TASK REQUIREMENTS
Beginning with the first entry, restate the data word for word and leave out the images.

[Start of Attachment]

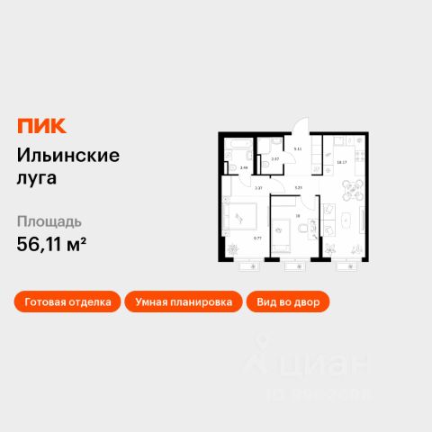 Продаётся 3-комнатная квартира 1768, площадью 52,79 м², на 17 этаже в ЖК "Ильинойс" корпус 3. Стоимость — от 15718232 руб. Квартира с отделкой, планировка односторонняя, окна на улицу.
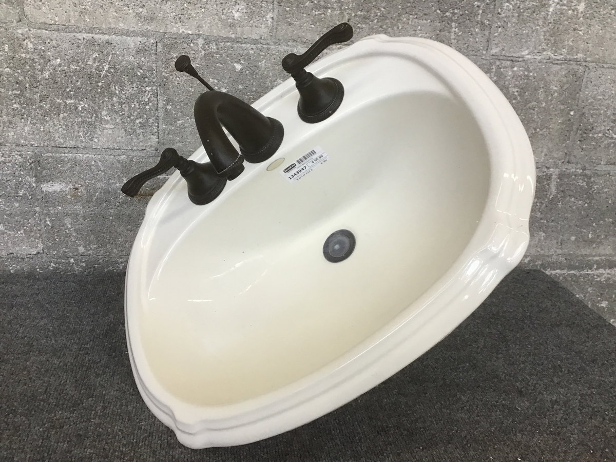 Kohler Bathroom Sink that comes with an oil-rubbed bronze faucet.
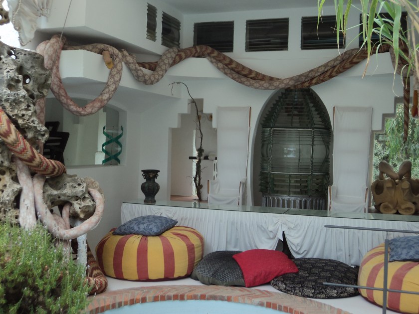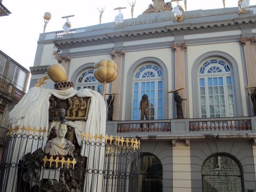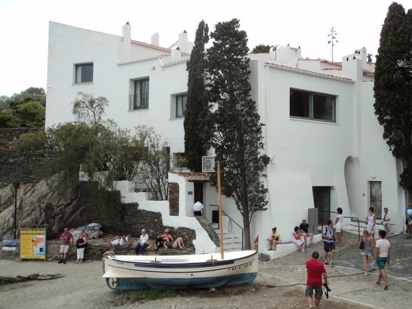 My second Escapade (what they call these bus trips) was to Empiabravura and Figueres in Spain, about an hour away. Ben (my son) and I enjoyed Figueres and the Salvador Dali museum when we were there 2 years ago. Wish he could have been here this time too. First stop, Empiabravura, is an amazing, over the top artificial kind of brash tourist place, with over 30 km of canals snaking their way between white wedding-cake type houses, and boats of all shapes, sizes and bank balances motoring around. If you think you’ve seen floating palaces anywhere, believe me, you ain’t seen nothing until you’ve seen Empiabravura…..though I wouldn’t recommend it to anyone. It was so good to get to Figueres which, despite hordes of camera clicking tourists, and souvenir shops with every Dali icon imaginable, is still rather a charming, quirky old city. And it has one of my most favourite museums in the world….the Dali Jewels. I loved this collection so much when I was here the first time I even bought the TV shirt. So it was wonderful to have another opportunity.. the sublimely beautiful diamond and sapphire ‘eye’ is still one of the most perfect things I’ve ever seen. Salvador Dali was truly a genius, whatever one thinks of his surrealist paintings, and his influence on the art in the streets of Figueres is evident everywhere. I’m very much looking to another bus Escapade in a week or so to Cadaques where he lived for most of his life.
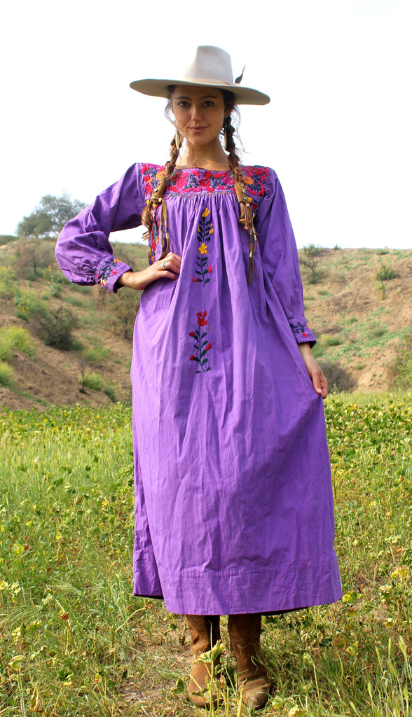 "Pretty Purple" Vintage Hand Embroidered Oaxacan Maxi Dress
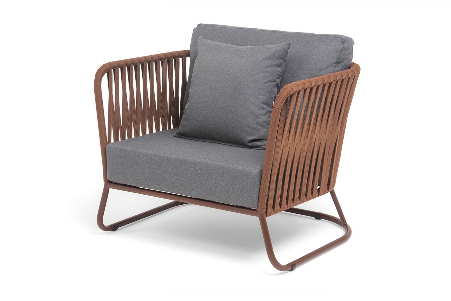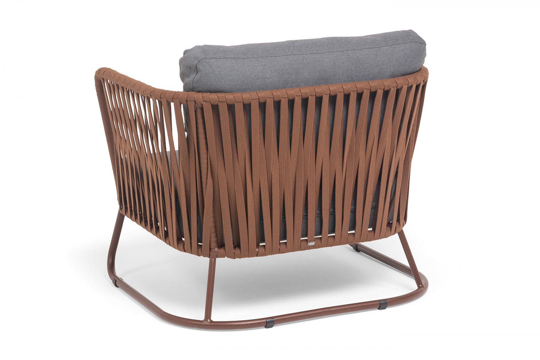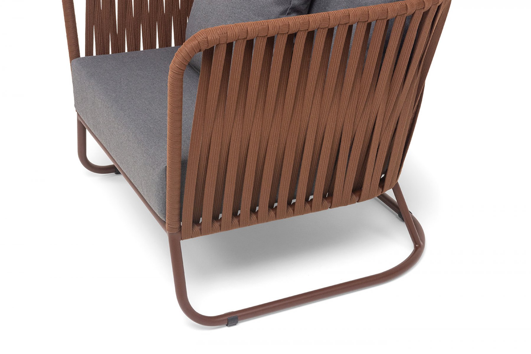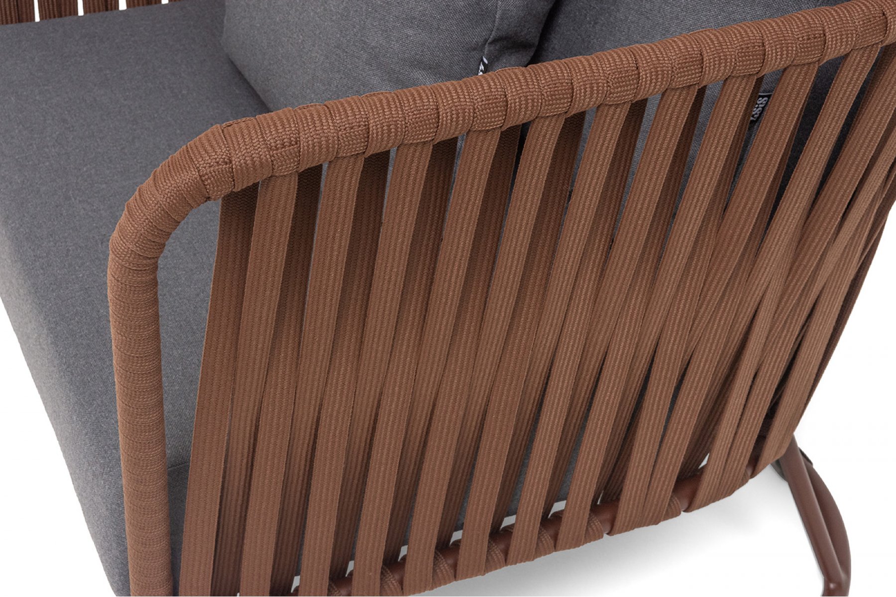 Кресло имеет алюминиевый каркас, окрашенный порошковой краской в коричневый (RAL8016) цвет. Боковины каркаса вручную оплетены роупом - эластичными синтетическими лентами, изготовленными из высокопрочных полиэфирных волокон. Оплетка - 23 мм, цвет коричневый.
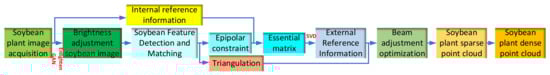 As a new direction of current agricultural development, intelligent agriculture [,,,] not only changes the industrial model that must rely on environmental planting in traditional agriculture, but also improves the quality of agricultural products, efficiently uses various agricultural resources, achieves considerable economic and social benefits, and realizes agricultural refinement, high efficiency, and greening. Crop phenotype [,,] is a key link in the analysis of crop growth environment, which is used to comprehensively evaluate the growth morphology and traits of crops in complex and changeable farmland environments. It is an effective way to improve the field operation of agricultural machinery and equipment. Traditional soybean plant phenotypic [] measurement and analysis, and the manual collection of soybean plant information on the farmland are time-consuming and labor-intensive. The complex and changeable field environment and the diverse characteristics of soybean plants [] make it difficult to obtain soybean plant phenotypic information, which increases the difficulty of accurate identification of soybean plants [,]. In recent years, three-dimensional reconstruction technology [] has played an increasingly important role in the study of soybean plant phenotype. Applying three-dimensional reconstruction to the field operation of agricultural machinery and equipment, a model closer to the actual soybean plant phenotype is constructed, and the growth morphology and traits of soybean plants are evaluated quickly and efficiently. It provides accurate information for agricultural machinery and equipment to accurately identify soybean plants, effectively solves the problems of the complex production environment in soybean fields and the diverse characteristics of soybean plants and accurate soybean plant information, and meets the important needs of refinement and high efficiency of intelligent agriculture.
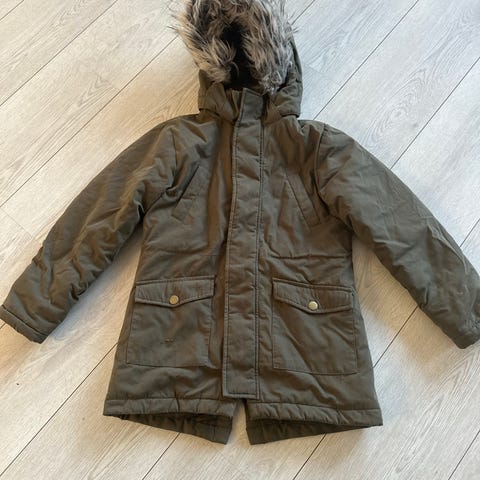 Pent og lite brukt vinterjakke (parkas) fra HM i str 140. Grå med oransje detaljer på brystlomme og innside. Pelskant på hette.
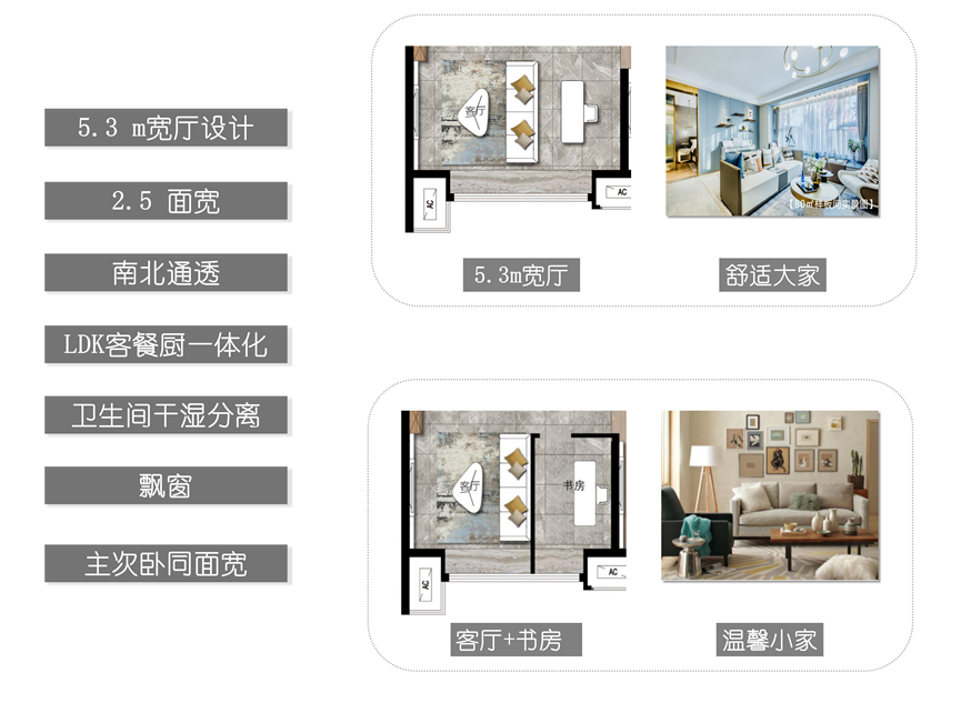 “麻雀虽小,五脏俱全”的80㎡两室一卫产品是全能空间的代表。总价低,但客厅开间5.3m,是一个多功能可变空间,保证产品基础尺度的极致功能性和舒适性,南北通透的LDK类洋房空间满足后疫情时代防疫通风需求。
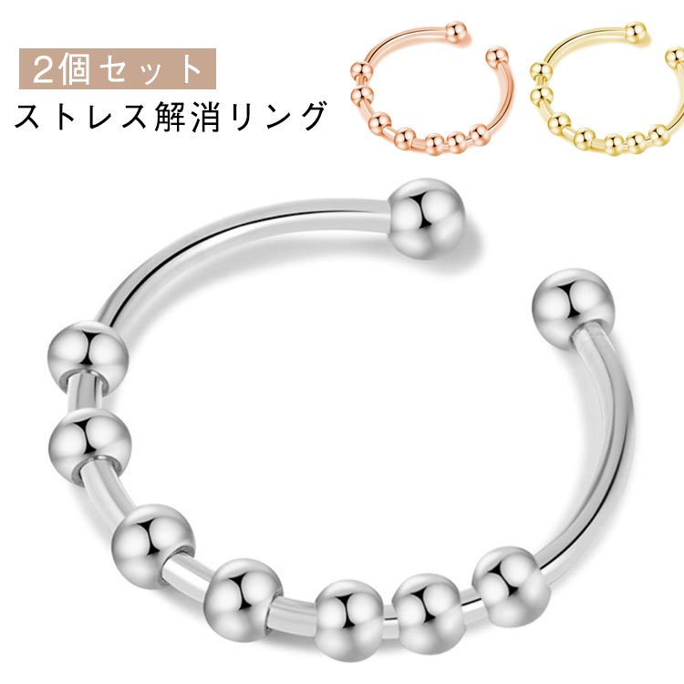 リング ストレス解消リング 男女兼用 男女兼用アクセサリー 指輪 リング 新作 2個ブラック 2個シルバー 2個ゴールド 2個ローズゴールド
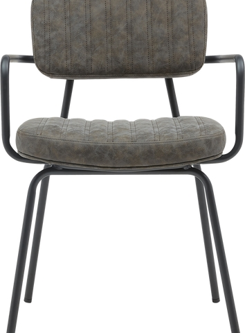 Das Stahlrohr-Gestell ist zierlich und stabil zugleich: Die besonders stoßfeste, mattschwarze Pulverbeschichtung lässt den Polsterstuhl edel erscheinen. Die Polster in Sitz und Rücken verleihen dem Stuhl seine besondere Bequemlichkeit. Dabei ist die Pfeifensteppung mit doppelter Ziernaht ein extravagantes Designelement. Das zurückhaltende Dunkelgrau des Bezugs aus PU-Leder rundet das Erscheinungsbild ab. Das PU-Leder sieht nicht nur wertig aus, sondern zeichnet sich auch durch seine Unempfindlichkeit gegen Flecken und seine Langlebigkeit aus. Das sind Faktoren, die für einen Gastronomiestuhl unentbehrlich sind.
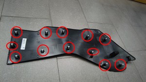 NoteUse a plastic trim tool to release the rearmost clips first and work toward the front of the vehicle. If the clips are too difficult to release, use a clip prytool.NoteReplace the clips if they are damaged.
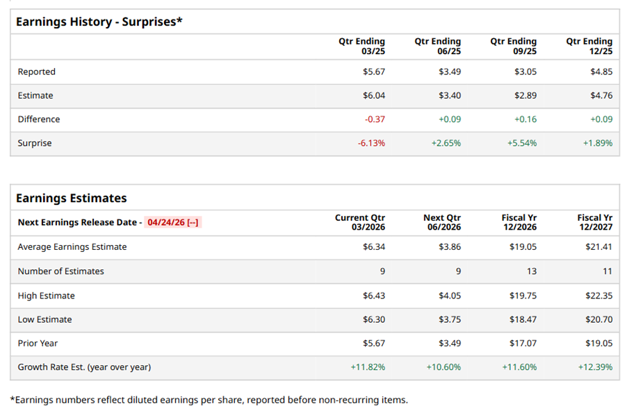 Aon plc (AON), headquartered in Dublin, Ireland, is a professional services firm that provides a range of risk and human capital solutions. With a market cap of $69.2 billion, the company's services include helping manage risk for clients, negotiating and placing insurance risk with other carriers, and advising clients related to health and benefits, retirement, compensation, strategic human capital, and human resource outsourcing. The leading professional services firm is expected to announce its fiscal first-quarter earnings for 2026 in the near term.
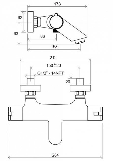 Смеситель для ванны термостатический RAVAK Termo TE 022.00/150 настенный

[End of Attachment]

RESULT FOR THIS EXERCISE
 Продаётся 3-комнатная квартира 1768, площадью 52,79 м², на 17 этаже в ЖК "Ильинойс" корпус 3. Стоимость — от 15718232 руб. Квартира с отделкой, планировка односторонняя, окна на улицу.
 Kohler Bathroom Sink that comes with an oil-rubbed bronze faucet.
 My second Escapade (what they call these bus trips) was to Empiabravura and Figueres in Spain, about an hour away. Ben (my son) and I enjoyed Figueres and the Salvador Dali museum when we were there 2 years ago. Wish he could have been here this time too. First stop, Empiabravura, is an amazing, over the top artificial kind of brash tourist place, with over 30 km of canals snaking their way between white wedding-cake type houses, and boats of all shapes, sizes and bank balances motoring around. If you think you’ve seen floating palaces anywhere, believe me, you ain’t seen nothing until you’ve seen Empiabravura…..though I wouldn’t recommend it to anyone. It was so good to get to Figueres which, despite hordes of camera clicking tourists, and souvenir shops with every Dali icon imaginable, is still rather a charming, quirky old city. And it has one of my most favourite museums in the world….the Dali Jewels. I loved this collection so much when I was here the first time I even bought the TV shirt. So it was wonderful to have another opportunity.. the sublimely beautiful diamond and sapphire ‘eye’ is still one of the most perfect things I’ve ever seen. Salvador Dali was truly a genius, whatever one thinks of his surrealist paintings, and his influence on the art in the streets of Figueres is evident everywhere. I’m very much looking to another bus Escapade in a week or so to Cadaques where he lived for most of his life.
 "Pretty Purple" Vintage Hand Embroidered Oaxacan Maxi Dress
 Кресло имеет алюминиевый каркас, окрашенный порошковой краской в коричневый (RAL8016) цвет. Боковины каркаса вручную оплетены роупом - эластичными синтетическими лентами, изготовленными из высокопрочных полиэфирных волокон. Оплетка - 23 мм, цвет коричневый.
 As a new direction of current agricultural development, intelligent agriculture [,,,] not only changes the industrial model that must rely on environmental planting in traditional agriculture, but also improves the quality of agricultural products, efficiently uses various agricultural resources, achieves considerable economic and social benefits, and realizes agricultural refinement, high efficiency, and greening. Crop phenotype [,,] is a key link in the analysis of crop growth environment, which is used to comprehensively evaluate the growth morphology and traits of crops in complex and changeable farmland environments. It is an effective way to improve the field operation of agricultural machinery and equipment. Traditional soybean plant phenotypic [] measurement and analysis, and the manual collection of soybean plant information on the farmland are time-consuming and labor-intensive. The complex and changeable field environment and the diverse characteristics of soybean plants [] make it difficult to obtain soybean plant phenotypic information, which increases the difficulty of accurate identification of soybean plants [,]. In recent years, three-dimensional reconstruction technology [] has played an increasingly important role in the study of soybean plant phenotype. Applying three-dimensional reconstruction to the field operation of agricultural machinery and equipment, a model closer to the actual soybean plant phenotype is constructed, and the growth morphology and traits of soybean plants are evaluated quickly and efficiently. It provides accurate information for agricultural machinery and equipment to accurately identify soybean plants, effectively solves the problems of the complex production environment in soybean fields and the diverse characteristics of soybean plants and accurate soybean plant information, and meets the important needs of refinement and high efficiency of intelligent agriculture.
 Pent og lite brukt vinterjakke (parkas) fra HM i str 140. Grå med oransje detaljer på brystlomme og innside. Pelskant på hette.
 “麻雀虽小,五脏俱全”的80㎡两室一卫产品是全能空间的代表。总价低,但客厅开间5.3m,是一个多功能可变空间,保证产品基础尺度的极致功能性和舒适性,南北通透的LDK类洋房空间满足后疫情时代防疫通风需求。
 リング ストレス解消リング 男女兼用 男女兼用アクセサリー 指輪 リング 新作 2個ブラック 2個シルバー 2個ゴールド 2個ローズゴールド
 Das Stahlrohr-Gestell ist zierlich und stabil zugleich: Die besonders stoßfeste, mattschwarze Pulverbeschichtung lässt den Polsterstuhl edel erscheinen. Die Polster in Sitz und Rücken verleihen dem Stuhl seine besondere Bequemlichkeit. Dabei ist die Pfeifensteppung mit doppelter Ziernaht ein extravagantes Designelement. Das zurückhaltende Dunkelgrau des Bezugs aus PU-Leder rundet das Erscheinungsbild ab. Das PU-Leder sieht nicht nur wertig aus, sondern zeichnet sich auch durch seine Unempfindlichkeit gegen Flecken und seine Langlebigkeit aus. Das sind Faktoren, die für einen Gastronomiestuhl unentbehrlich sind.
 NoteUse a plastic trim tool to release the rearmost clips first and work toward the front of the vehicle. If the clips are too difficult to release, use a clip prytool.NoteReplace the clips if they are damaged.
 Aon plc (AON), headquartered in Dublin, Ireland, is a professional services firm that provides a range of risk and human capital solutions. With a market cap of $69.2 billion, the company's services include helping manage risk for clients, negotiating and placing insurance risk with other carriers, and advising clients related to health and benefits, retirement, compensation, strategic human capital, and human resource outsourcing. The leading professional services firm is expected to announce its fiscal first-quarter earnings for 2026 in the near term.
 Смеситель для ванны термостатический RAVAK Termo TE 022.00/150 настенный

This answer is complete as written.